Upon arriving at the dam, Conan is pursued by Yamao who intends to kill him. Before Yamao was about kill Conan, Toono shoots Yamao in the shoulder, incapacitating him.Touma regains his memories of the accident upon seeing Toono and reveals he saw Toono push Natsuki off into the road. Toono professes she was the sniper attempting to kill Touma and that the death of her sister was an accident. Yamao, having set off the bombs in the dam forces them to flee. Conan diverges from the group intending to start an avalanche by creating grooves in a steep mountain with his motorized snowboard to divert the flow away from Kitanosawa. He is successful but his motor short-circuits causing him to be caught in the avalanche. He is eventually free when Ran calls Shinichi's cellphone causing him to regain consciousness to alert the others of his position.

==Cast==
- Minami Takayama as Conan Edogawa
- Kappei Yamaguchi as Shinichi Kudo
- Rikiya Koyama as Kogoro Mori
- Wakana Yamazaki as Ran Mori
- Megumi Hayashibara as Ai Haibara
- Naoko Matsui as Sonoko Suzuki
- Kazuhiko Inoue as Ninzaburo Shiratori
- Kenichi Ogata as Professor Agasa
- Chafurin as Inspector Megure
- Toshio Furukawa as Misao Yamamura
- Wataru Takagi as Genta Kojima and Officer Takagi
- Yukiko Iwai as Ayumi Yoshida
- Ikue Ohtani as Mitsuhiko Tsuburaya
- Keiichi Nanba as Keisuke Yamao
- Kouki Miyata as Touma Tachihara
- Mayumi Iizuka as Fuyumi Tachihara
- Toshihiko Seki as Shougo Hikawa

==Production==
The film was announced to be in the making at the end of the fourteenth film, The Lost Ship in the Sky. The details of the film were announced on the official film website on September 30, 2014. On March 5, 2011, the site was updated again revealing the 90 second trailer and the theme song.

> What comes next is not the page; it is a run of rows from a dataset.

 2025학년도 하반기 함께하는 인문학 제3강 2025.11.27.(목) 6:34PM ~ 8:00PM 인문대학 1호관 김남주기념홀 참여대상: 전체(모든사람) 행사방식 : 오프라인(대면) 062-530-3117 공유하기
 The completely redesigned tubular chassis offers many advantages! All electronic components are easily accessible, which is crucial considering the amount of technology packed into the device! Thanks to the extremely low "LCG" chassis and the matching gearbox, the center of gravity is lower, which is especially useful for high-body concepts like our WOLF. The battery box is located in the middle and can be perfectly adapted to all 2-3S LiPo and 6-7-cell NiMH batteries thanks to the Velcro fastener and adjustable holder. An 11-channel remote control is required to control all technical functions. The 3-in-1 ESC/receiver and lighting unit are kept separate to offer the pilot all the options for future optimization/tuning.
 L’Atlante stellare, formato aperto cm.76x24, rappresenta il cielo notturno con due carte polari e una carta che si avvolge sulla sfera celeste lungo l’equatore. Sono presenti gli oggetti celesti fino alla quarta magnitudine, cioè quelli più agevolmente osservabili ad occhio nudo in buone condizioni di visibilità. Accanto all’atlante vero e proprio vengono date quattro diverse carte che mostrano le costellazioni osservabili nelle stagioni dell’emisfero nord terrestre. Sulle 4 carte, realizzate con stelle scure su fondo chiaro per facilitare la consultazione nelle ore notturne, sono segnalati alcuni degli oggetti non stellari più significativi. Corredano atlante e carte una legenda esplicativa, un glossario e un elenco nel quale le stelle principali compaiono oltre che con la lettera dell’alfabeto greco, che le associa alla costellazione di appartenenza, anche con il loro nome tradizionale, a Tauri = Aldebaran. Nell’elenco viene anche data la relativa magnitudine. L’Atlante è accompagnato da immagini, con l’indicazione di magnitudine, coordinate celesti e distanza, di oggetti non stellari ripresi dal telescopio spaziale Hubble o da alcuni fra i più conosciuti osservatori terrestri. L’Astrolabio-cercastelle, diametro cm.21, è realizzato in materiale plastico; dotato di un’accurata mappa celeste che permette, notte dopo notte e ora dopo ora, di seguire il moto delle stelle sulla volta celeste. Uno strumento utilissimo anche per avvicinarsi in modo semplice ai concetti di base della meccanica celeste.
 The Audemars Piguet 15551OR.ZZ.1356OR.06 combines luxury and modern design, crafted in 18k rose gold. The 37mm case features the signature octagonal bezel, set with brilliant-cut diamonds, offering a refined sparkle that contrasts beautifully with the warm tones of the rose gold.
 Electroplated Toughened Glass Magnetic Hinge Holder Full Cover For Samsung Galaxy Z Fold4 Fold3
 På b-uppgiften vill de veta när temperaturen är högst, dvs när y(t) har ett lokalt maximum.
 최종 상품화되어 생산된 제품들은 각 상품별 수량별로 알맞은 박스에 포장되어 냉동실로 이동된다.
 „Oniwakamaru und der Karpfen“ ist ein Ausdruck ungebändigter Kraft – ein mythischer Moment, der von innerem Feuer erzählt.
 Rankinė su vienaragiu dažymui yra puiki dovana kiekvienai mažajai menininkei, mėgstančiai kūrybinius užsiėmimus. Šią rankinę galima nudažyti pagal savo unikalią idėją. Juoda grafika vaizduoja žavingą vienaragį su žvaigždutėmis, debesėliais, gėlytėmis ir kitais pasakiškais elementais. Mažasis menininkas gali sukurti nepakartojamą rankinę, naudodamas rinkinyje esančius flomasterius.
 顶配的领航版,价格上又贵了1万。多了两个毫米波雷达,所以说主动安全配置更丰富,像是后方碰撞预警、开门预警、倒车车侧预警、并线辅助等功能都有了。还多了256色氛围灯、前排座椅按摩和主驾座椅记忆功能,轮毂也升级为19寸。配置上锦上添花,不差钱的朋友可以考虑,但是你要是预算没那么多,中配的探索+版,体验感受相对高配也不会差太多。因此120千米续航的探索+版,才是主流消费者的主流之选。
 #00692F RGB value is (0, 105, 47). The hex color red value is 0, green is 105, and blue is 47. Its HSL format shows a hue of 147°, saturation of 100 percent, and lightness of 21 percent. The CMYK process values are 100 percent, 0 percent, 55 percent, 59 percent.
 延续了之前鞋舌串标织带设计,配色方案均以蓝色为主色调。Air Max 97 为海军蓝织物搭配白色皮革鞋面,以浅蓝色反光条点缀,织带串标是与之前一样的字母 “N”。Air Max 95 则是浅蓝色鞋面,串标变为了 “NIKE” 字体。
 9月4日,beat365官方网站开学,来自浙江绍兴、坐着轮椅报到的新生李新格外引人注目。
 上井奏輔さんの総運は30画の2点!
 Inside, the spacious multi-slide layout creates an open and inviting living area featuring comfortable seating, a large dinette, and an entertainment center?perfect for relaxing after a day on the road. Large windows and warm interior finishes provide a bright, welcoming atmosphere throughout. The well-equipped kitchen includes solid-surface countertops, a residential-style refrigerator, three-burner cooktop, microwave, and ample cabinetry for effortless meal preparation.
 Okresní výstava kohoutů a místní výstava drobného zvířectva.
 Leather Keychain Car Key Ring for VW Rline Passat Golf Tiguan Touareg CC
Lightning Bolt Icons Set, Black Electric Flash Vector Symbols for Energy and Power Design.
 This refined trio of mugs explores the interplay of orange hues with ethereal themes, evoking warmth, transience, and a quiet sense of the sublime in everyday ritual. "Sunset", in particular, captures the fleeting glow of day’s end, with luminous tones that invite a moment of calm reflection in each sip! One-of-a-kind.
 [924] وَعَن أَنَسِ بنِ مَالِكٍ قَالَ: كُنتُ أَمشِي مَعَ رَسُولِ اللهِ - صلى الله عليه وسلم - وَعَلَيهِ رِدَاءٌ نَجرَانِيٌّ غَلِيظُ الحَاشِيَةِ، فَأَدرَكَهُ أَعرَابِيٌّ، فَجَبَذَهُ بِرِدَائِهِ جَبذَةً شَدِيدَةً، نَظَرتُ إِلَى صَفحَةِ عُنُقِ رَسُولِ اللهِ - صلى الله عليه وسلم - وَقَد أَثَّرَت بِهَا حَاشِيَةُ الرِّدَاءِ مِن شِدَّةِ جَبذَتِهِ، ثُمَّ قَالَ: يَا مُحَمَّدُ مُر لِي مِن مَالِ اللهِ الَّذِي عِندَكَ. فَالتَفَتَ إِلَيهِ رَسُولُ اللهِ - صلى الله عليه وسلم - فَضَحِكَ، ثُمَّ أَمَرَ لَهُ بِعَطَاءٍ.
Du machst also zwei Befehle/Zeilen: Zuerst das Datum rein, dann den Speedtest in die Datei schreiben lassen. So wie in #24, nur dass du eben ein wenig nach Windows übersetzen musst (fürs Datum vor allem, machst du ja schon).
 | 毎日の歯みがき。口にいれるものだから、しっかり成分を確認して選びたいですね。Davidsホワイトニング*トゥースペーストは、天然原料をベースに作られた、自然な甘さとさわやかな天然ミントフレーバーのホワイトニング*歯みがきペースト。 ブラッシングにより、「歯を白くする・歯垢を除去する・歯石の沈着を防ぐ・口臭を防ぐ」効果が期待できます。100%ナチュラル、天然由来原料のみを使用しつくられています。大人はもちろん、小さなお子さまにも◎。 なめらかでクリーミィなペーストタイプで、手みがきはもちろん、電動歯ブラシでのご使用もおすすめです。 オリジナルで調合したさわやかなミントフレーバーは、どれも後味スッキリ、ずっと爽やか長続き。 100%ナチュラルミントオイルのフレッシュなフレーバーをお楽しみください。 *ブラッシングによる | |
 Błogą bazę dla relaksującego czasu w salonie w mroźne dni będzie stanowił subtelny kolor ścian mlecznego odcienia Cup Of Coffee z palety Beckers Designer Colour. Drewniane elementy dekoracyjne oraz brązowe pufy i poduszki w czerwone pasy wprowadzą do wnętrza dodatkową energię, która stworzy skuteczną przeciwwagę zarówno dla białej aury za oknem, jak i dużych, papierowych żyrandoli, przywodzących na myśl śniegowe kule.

In an interview with the Japanese magazine Otonafami, Gosho Aoyama revealed the setting is the snowy mountains due to the fact survivors will die in 15 minutes when buried under an avalanche.

===Music===
The official soundtrack of the film is conducted by Ono Katsuo and released on April 13, 2011. The theme song used for this film is "Don't Wanna Lie" by B'z.